NFL Snark Rankings: Week 10
It may not be the end of the world, but it was definitely a sign that the universe is ever changing.
The Jacksonville Jaguars earned a W that should equal: West towards Los Angeles, as they beat the Tennessee Titans 29-27 in Nashville.
Not only did this historic win for a team that's been ridiculed each and every week assure they wouldn’t go 0-16, Tampa Bay didn’t play along either, but it royally hosed my survivor pool. Thanks a lot, Titans!
The Titans were supposed to be honoring the late owner Bud Adams, who passed away on October 21, and they played like complete horse bleep! Mind you, still spiteful Houston Oilers fans might consider that a fitting tribute. Jake Locker appears to be lost for the season with a foot injury, so they’re now relying on Ryan Fitzpatrick. Good luck. Don’t expect a surge in jersey sales.
- Jacksonville Jaguars – Congratulations on their first win of the season, on the road, no less. I don’t know if the Jaguars won the game or the Titans just didn’t care and were thinking about their Thursday night matchup with the Colts. Well, the Colts got drilled by the Rams, so they're going to be pissed. Meanwhile, Jacksonville’s schedule suddenly looks light since Houston is in the tank, and you just don’t know what you’re going to get from Buffalo and Cleveland each week. The Titans-Jaguars rematch is in Week 16. I can’t wait. OK, I can wait.
- Tampa Bay Buccaneers – So we now know the 2008 Detroit Lions' imperfect record is safe for another season, as the Buccaneers earned their first win of 2013 on MNF over the Dolphins. You could see this triumph coming from a mile away, right? The Dolphins dealing with its Richie Incognito-Jonathan Martin TMZ-style drama all week long surely didn’t prepare them for a football game. Tampa Bay still has a brutal schedule and is still on track for a Top 3 pick in the 2014 NFL draft. The way Mike Glennon is playing, perhaps they aren’t in the QB sweepstakes.
- Tennessee Titans – They lost to the Jaguars. The Jacksonville Jaguars. At home. They lost their starting QB. My survivor pool is toast. Did I mention that already? Mike Munchak’s quote was not comforting: "We had a lot of things happen today that should never happen to us in any game.” Like lose to the Jaguars. At home. Against Jacksonville. Enough said.
- Washington Redskins – There are about seven other teams that could vie for this spot, like the Raiders, who showed up in this exact slot last week and lost in New York against the Giants. But when you lose to another mainstay in the Snark Rankings, you reap what you sow. Here's another team where off-the-field issues are becoming more important than the action between the tackles. It’s just a matter of time before the pro football team located in the District of Columbia changes its Native American moniker, but honestly, calling them the Senators isn’t much of an improvement.
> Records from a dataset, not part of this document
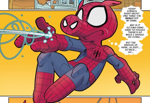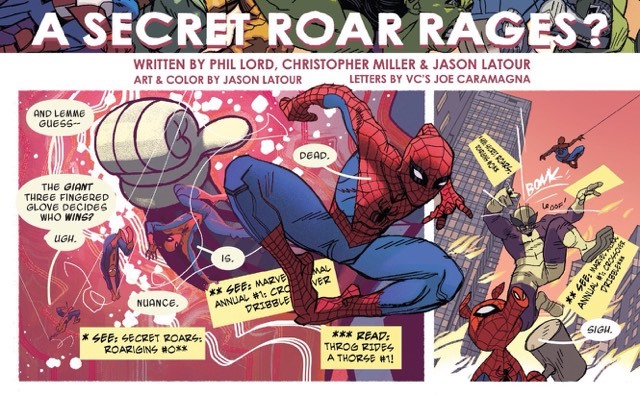 Jumping back to Spider-Man: Into the Spider-Verse, the second story in this comic comes from the writers/producers of the animated film: Phil Lord and Christopher Miller, in conjunction with Latour. The group continues to cram in the jokes in this second story.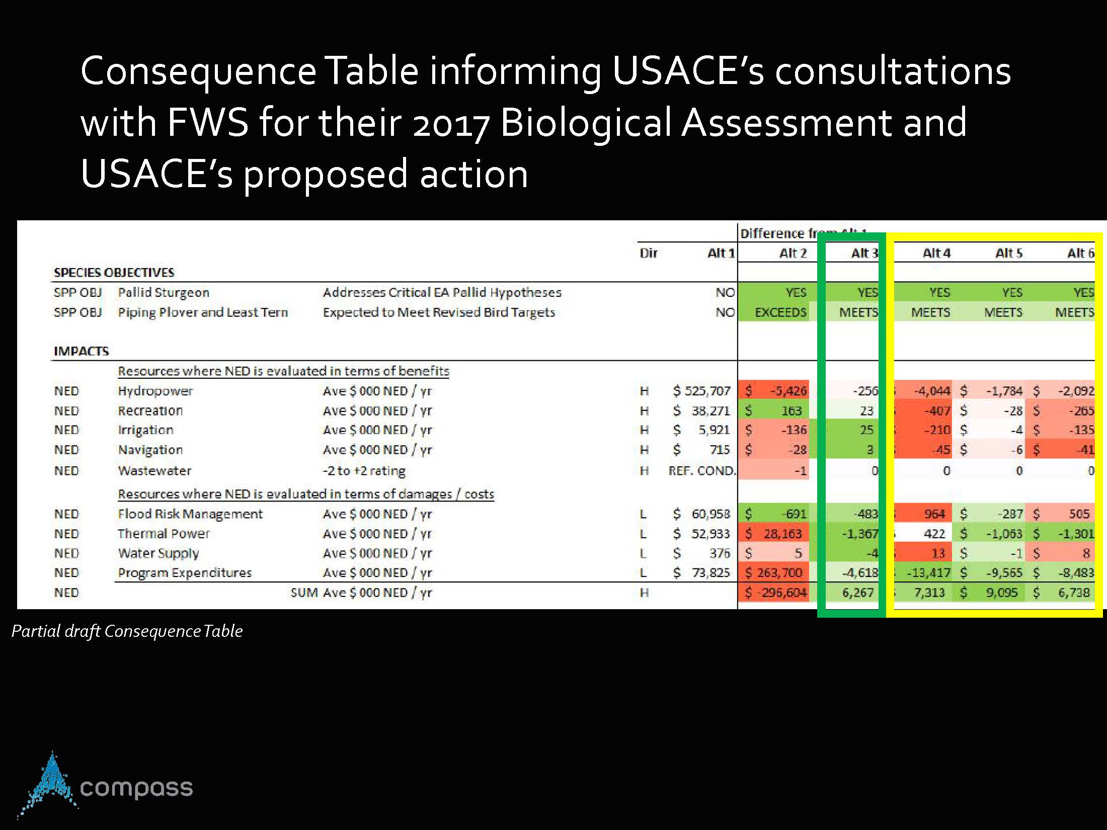 Compass has been working with them since about 2014 as a structured decision making advisor. Ms. Rudd shared one aspect of the work that was used to inform the development of a proposed action in the Army Corps 2017 biological assessment. The Fish and Wildlife Service accepted that proposed action and in 2018, the Army Corps received a no jeopardy determination from the FWS which was their objective since 2000.
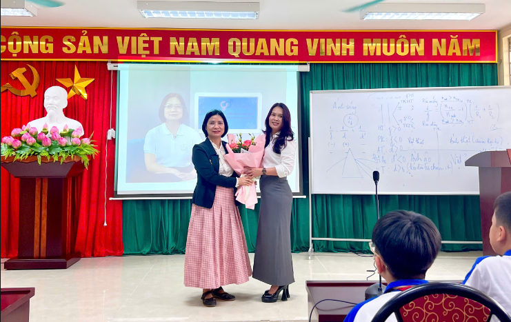 Cô giáo Nguyễn Thúy Vinh phó hiệu trưởng nhà trường lên cảm ơn và tặng hoa Bác sĩ CKII, ThS. Phạm Thị Vạn Xuân.
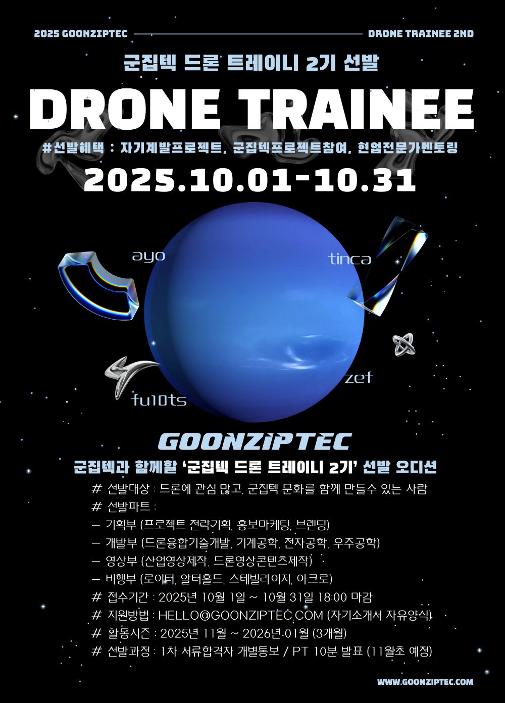 선발대상 : 드론에 관심 많고, 군집텍 문화를 함께 만들수 있는 사람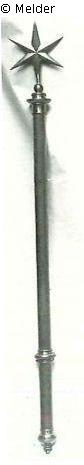 »Regimentsstäbe«, jeweils mit einem sechsstrahligen Stern an der Spitze. Die runden Stäbe sind oben und zur Begrenzung der Griffzone mit verschiedenen Ringen und am unteren Ende mit einem nahezu kugelförmigen Knopf beschlagen.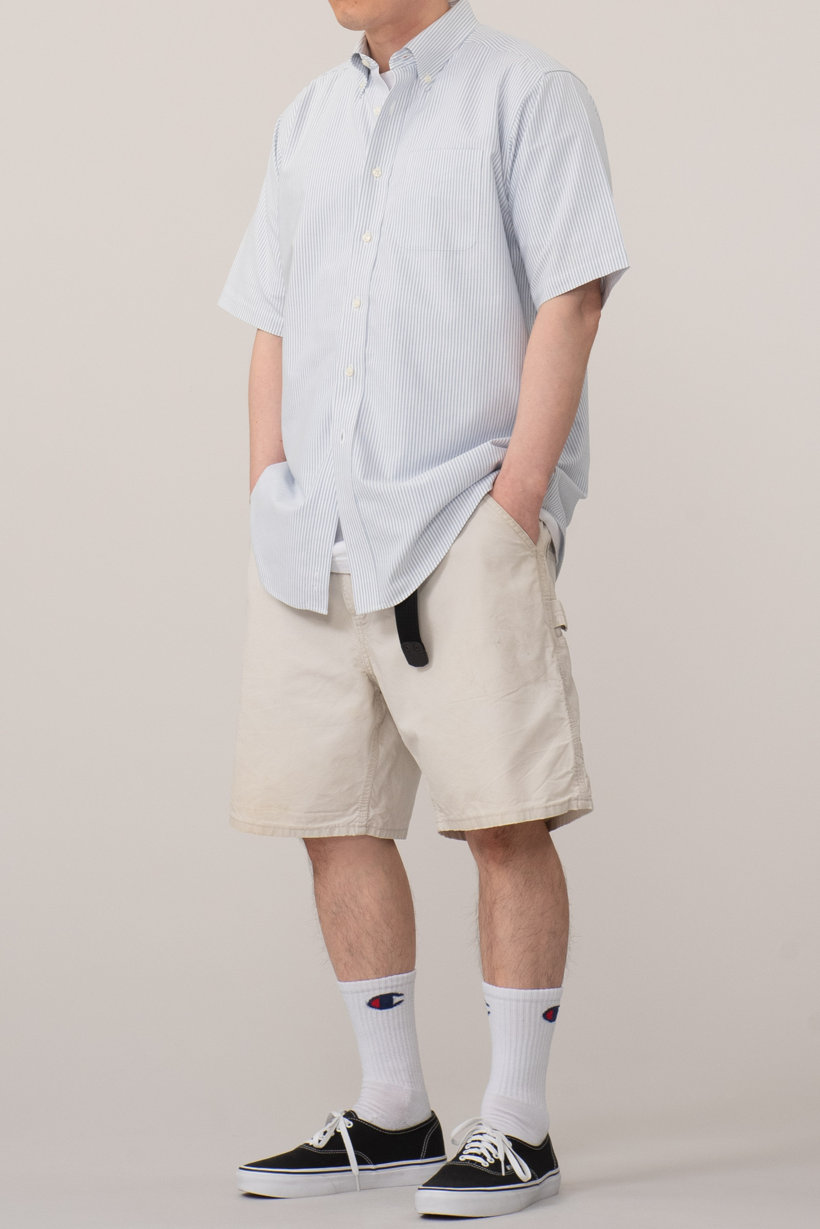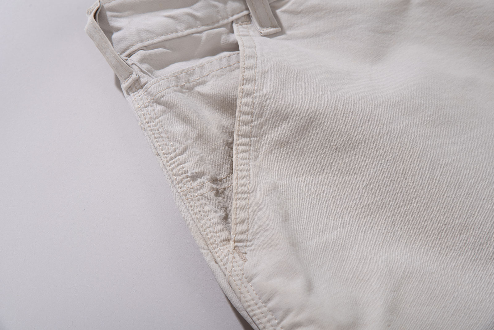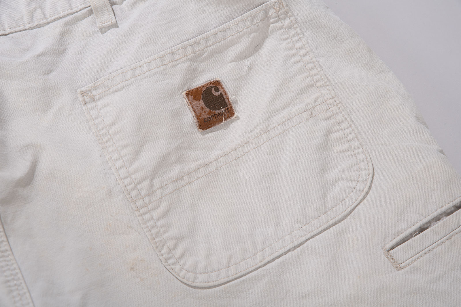 오프화이트 컬러의 칼하트 워크 쇼츠입니다. 100% 코튼 캔버스 원단으로 제작되었으며, 넉넉한 핏과 여유 있는 실루엣을 가지고 있는 피스입니다. 후면에는 큼직한 백 포켓 두 개와 툴 포켓, 해머 루프 등 워크웨어 디테일이 반영되어 있어 기능성과 디자인을 동시에 만족시킵니다.

Call them the Seagulls as far as I’m concerned. The Senators have been terrible for far too long!
- Houston Texans – I really wanted to give the five-hole to the Atlanta Falcons, but their defense got destroyed by one of the best teams in football. The Texans got beat by an up-and-coming Arizona Cardinals team that has an extremely underrated defense, especially with Honey Badger and Patrick Peterson in the secondary. One title for which the Texans can compete with the Falcons: most disappointing team in 2013. The Redskins and Vikings are up there, too, but the Texans are now 2-7 and have lost Arian Foster for the remainder of the season. On the bright side, they play Oakland and Jacksonville twice over the next four weeks. They must take advantage of the light schedule, as they also play New England, Denver, and Indianapolis. Yikes!
There are so many other teams that deserve mention in this column, yet with limited space, we can only critique the best of the best. The best at being inept, that is. Although it’s disappointing that the NFL will not produce two winless teams this season, there's still a possibility that we could see five 2-14 teams. That’s impressive, right?